Pandey, who contributed to Hindi-language newspapers, was killed in a shootout between Maoists and state police in Andhra Pradesh, southern district of Adilabad, news reports said. Also killed was Cherukuri Rajkumar, known as Azad, a leader of the banned Communist Party of India (Maoist), who had been arranging peace talks between Maoists and the central government.
Pandey was employed in the corporate communications department of the Delhi-Assam Roadways Corp, local news reports said. Media reports said he wrote articles under the name of Hemant Pandey in Hindi-language dailies such as Nai Dunia, Dainik Jagaran, and Rastriya Sahara. His last piece, on July 1, had been a commentary on food shortages.
Communist Party spokesperson Gudsa Usendi and Pandey’s wife were quoted in news reports as saying the victim was meeting with Azad for an interview. They alleged the two men had been set up by police, local news reports said.
Police identified Pandey as a colleague of Azad. A press release by the Communist Party’s north regional bureau said the reporter was a member, although party leaders also called him a journalist in local news reports.
In a press conference in Delhi following the journalist’s death, his wife Babita Pandey denied Pandey was involved with Maoists, and said he had travelled to Nagpur to cover a story, according to reports. Babita Pandey said her husband wrote stories for Hindi newspapers including Nai Dunia, Rastriya Sahara, Dainik Jagran, according to investigative magazine Tehelka. Editors of all three papers denied Pandey worked for them, but Tehelka reported that it was in possession of Pandey’s news clippings published under the name Hemant Pandey.

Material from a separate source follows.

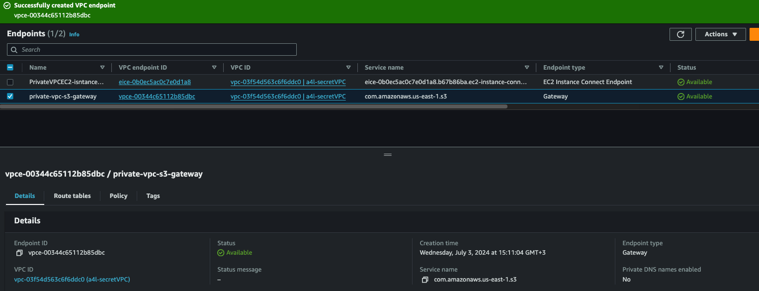 - Service: com.amazonaws.[region].s3

Police claimed that Pandey was Azad’s colleague. A press release attributed in the press to the Communist Party’s north regional bureau said the reporter was a member, although party leaders called him a journalist in local news reports. The Maoist party issued a statement on July 4 stating that Pandey was only a journalist and was not a member of the group, and raised questions about the authenticity of the previous statement, The Hindu reported. The group added that Pandey was killed by the police in an effort to eliminate any witnesses in the killing. Police have maintained that it was an encounter killing. In India, encounter killings refer to cases where police or armed forces say they were acting in self-defense when a suspect who was unarmed or in custody dies.
In statements, the Indian Journalists’ Union and the Andhra Pradesh Union of Working Journalists raised “serious doubts about the circumstances” of Pandey’s death and demanded an independent inquiry.
In April 2011, the Supreme Court of India ordered an investigation by the Central Bureau of Investigation into the killing of Pandey and Azad. The court was hearing a petition filed by the journalist’s wife, Babita Pandey, and social activist Swami Agnivesh, who claimed this was a “fake encounter killing.”
In a final report submitted to the Supreme Court a year later, the bureau said that the killing was a “real” encounter.
Pandey’s wife was continuing legal efforts to attain justice in 2016, according to The Hindu.